VII. LA RÉPLICA Dice que el alcance de la impugnación está mal propuesto, porque no indica lo que debe hacer la Corte en sede de casación. En cuanto al cargo, aduce que no especifica el concepto de la violación directa, esto es el sub motivo alegado. VIII. CONSIDERACIONES DE LA CORTE No son de recibo los reparos del opositor, porque el alcance de la impugnación está adecuadamente formulado en tanto la entidad recurrente identifica y desarrolla con absoluta claridad los puntos y condenas que la Corte debe estudiar en sede de casación. Frente al otro reproche, tampoco asiste razón al replicante, porque efectivamente el cargo denuncia la infracción directa de las normas denunciadas, ataque que se sobreentiende estructurado por la vía directa, de modo que la acusación no sólo es clara sino que está correctamente planteada.
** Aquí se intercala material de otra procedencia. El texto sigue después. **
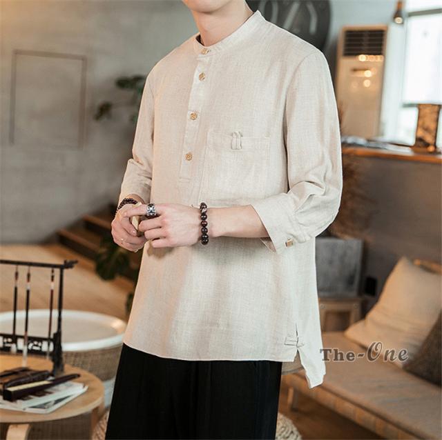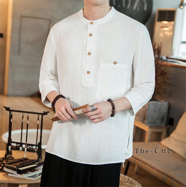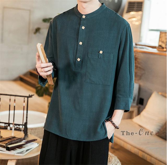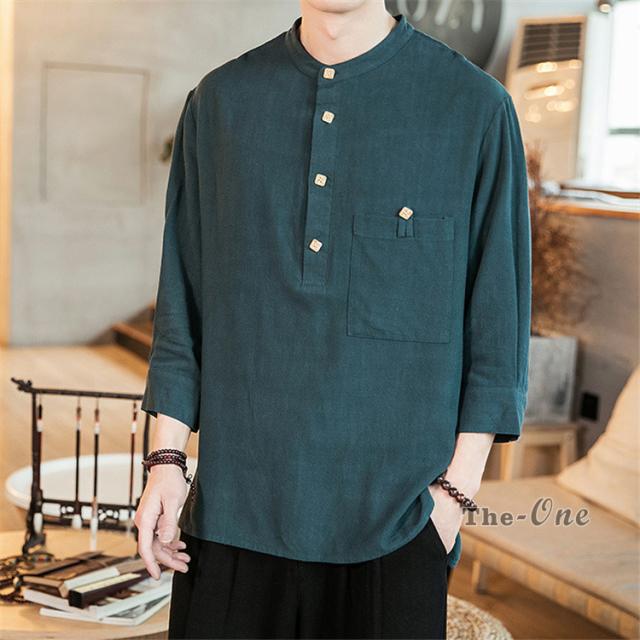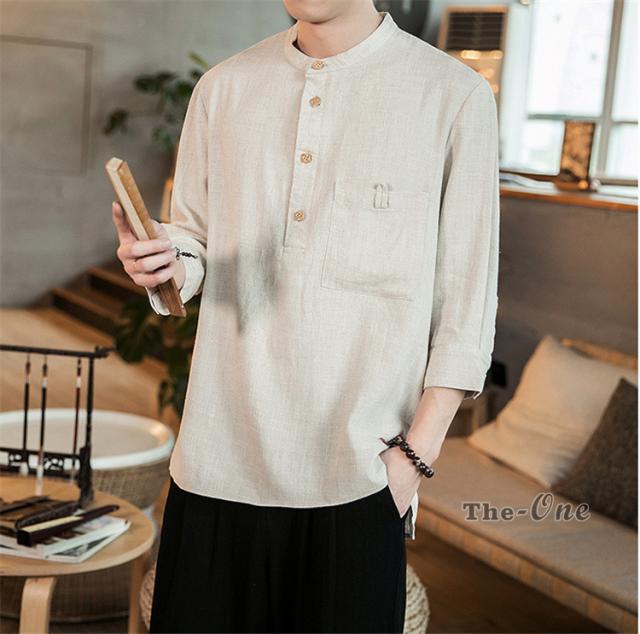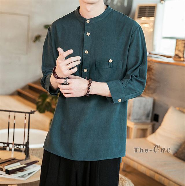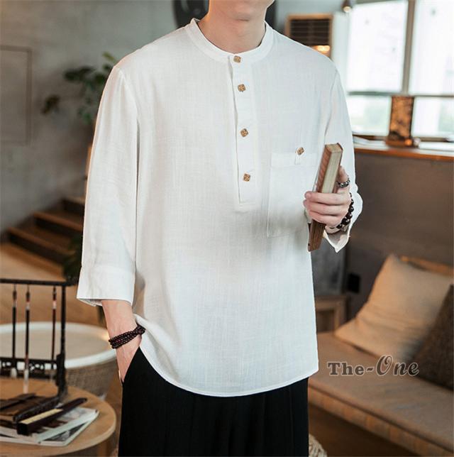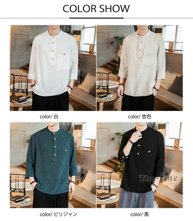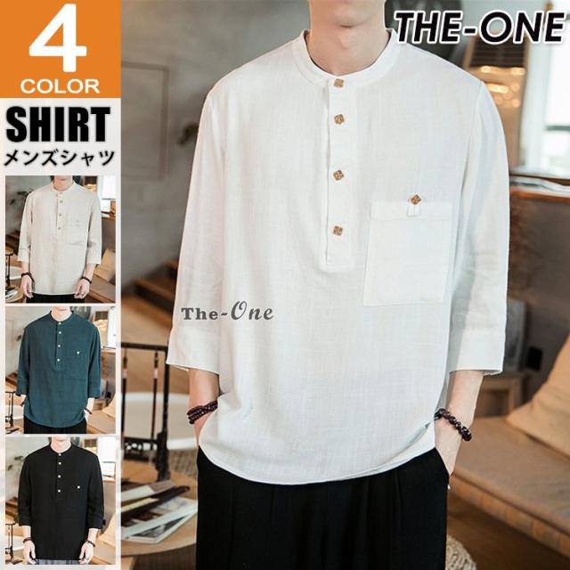 シャツ メンズ 七分袖シャツ チャイナ服 中華風 7分袖 立襟 ヘンリーネック 無地 カジュアル 夏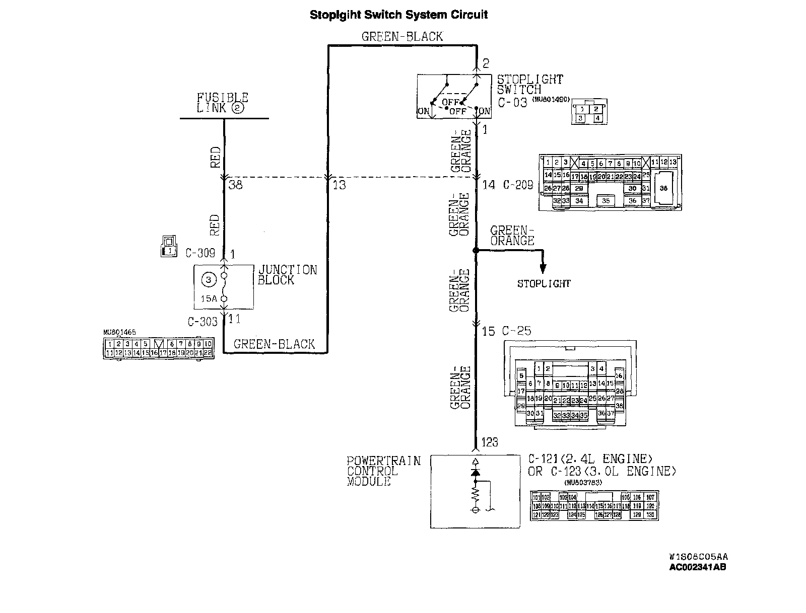 STEP 7. Check harness for damage between stoplight switch connector C-03 terminal 1 and PCM connector C121 <2.4L Engine> or C-123 <3.0L Engine> terminal 123.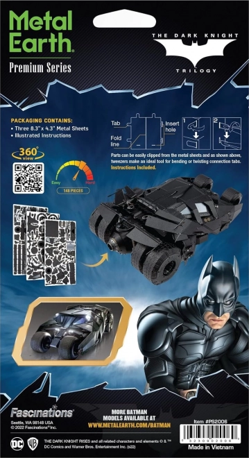 Premium set Metal Earth omogućuje vam sastavljanje realistične metalne replike legendarnog vozila BATMAN Tumbler. Dijelovi su izrezani od kvalitetnih čeličnih pločica i ukrašeni finim laserskim graviranjem za maksimalnu autentičnost. Rezultat je izdržljiv i detaljan model koji će se istaknuti na polici svakog obožavatelja.

Sobre el tema jurídico de fondo que plantea el recurrente, la Sala ya ha tenido oportunidad de referirse en varios y diversos pronunciamientos, entre ellos los de 16 de diciembre de 2009, radicado 34.637 y 14 de junio de 2011, radicado 42.627. Precisamente en este último expresó: “…la explicable política de manejo administrativo contenida en tales normas, sin duda tendiente a racionalizar las estructuras laborales de las empresas oficiales, consistente en que sus plantas de personal deban tener únicamente los cargos necesarios para su funcionamiento, lo que se traduce en que el número total de trabajadores oficiales no pueda exceder el total de cargos fijados para ese tipo de servidores en la respectiva planta, no es razón que impida la reincorporación a su empleo de un trabajador que ha sido despedido sin justa causa.
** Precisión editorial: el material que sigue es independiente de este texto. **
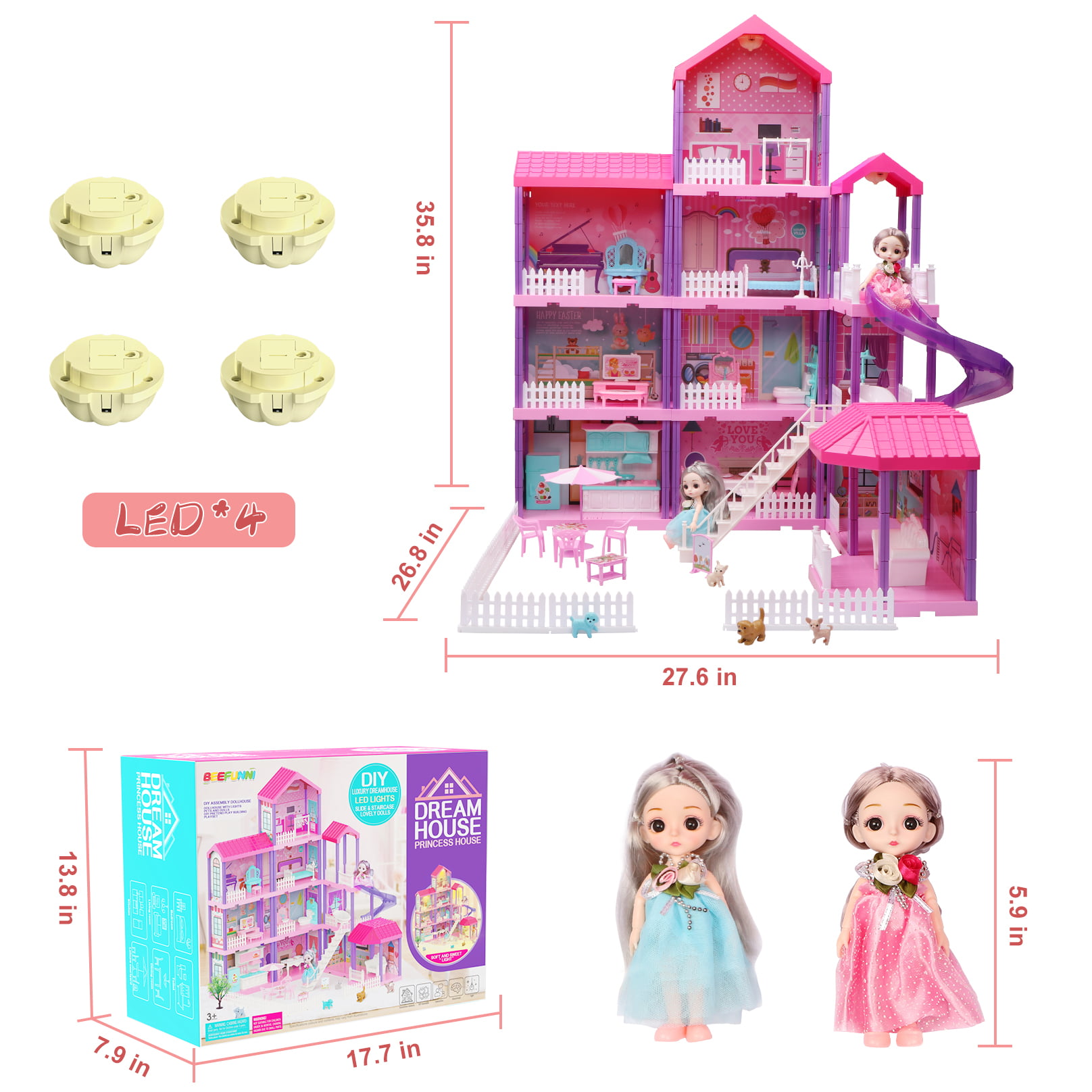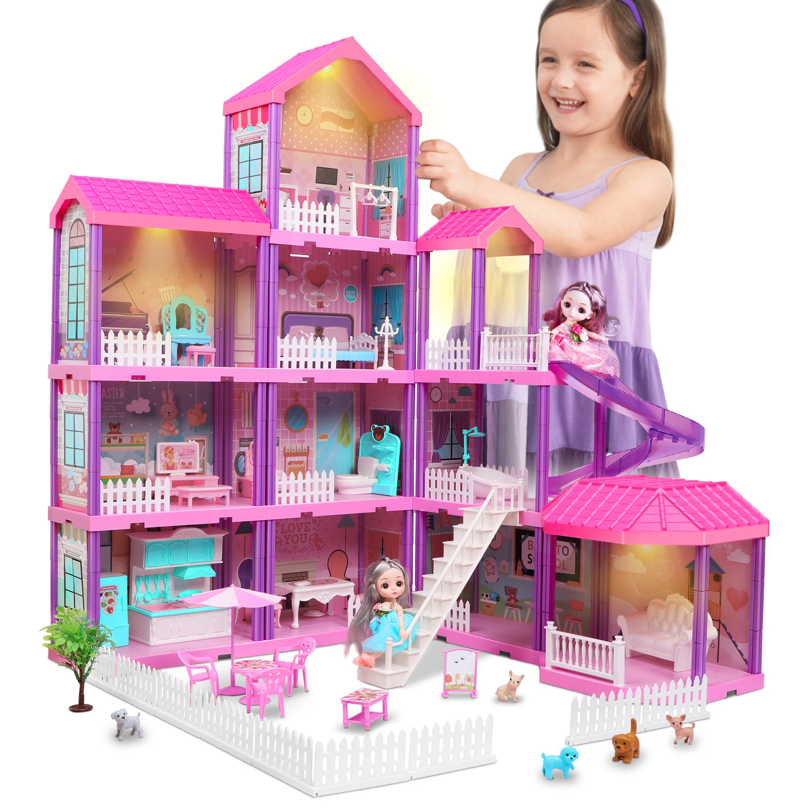 Beefunni 36 inch Dollhouse. with Slide. Dolls and 11 Rooms. Creative Dollhouse Toys for Girls. Gift for 3 to 8 Year Old. Assembly Required

De análoga manera, ha proclamado la Sala, en torno a la afirmación relativa a la improcedencia del reintegro para aquellos eventos en los que no se encuentre previsto el empleo en planta de personal de la entidad, en que se sustenta el ataque, que esa supuesta restricción, que, en principio tendría origen constitucional, no opera frente a la declaración de existencia de la relación laboral, pues ésta abarca la concerniente al vínculo legal que, en verdad, debe ostentar la persona al servicio de la entidad empleadora, esto es, si es trabajador particular o del Estado y, en este segundo caso, la condición de trabajador oficial o empleado público, lo que determina implícitamente las garantías y derechos de los cuales es o fue beneficiario, como lo es el de la reinstalación en el empleo.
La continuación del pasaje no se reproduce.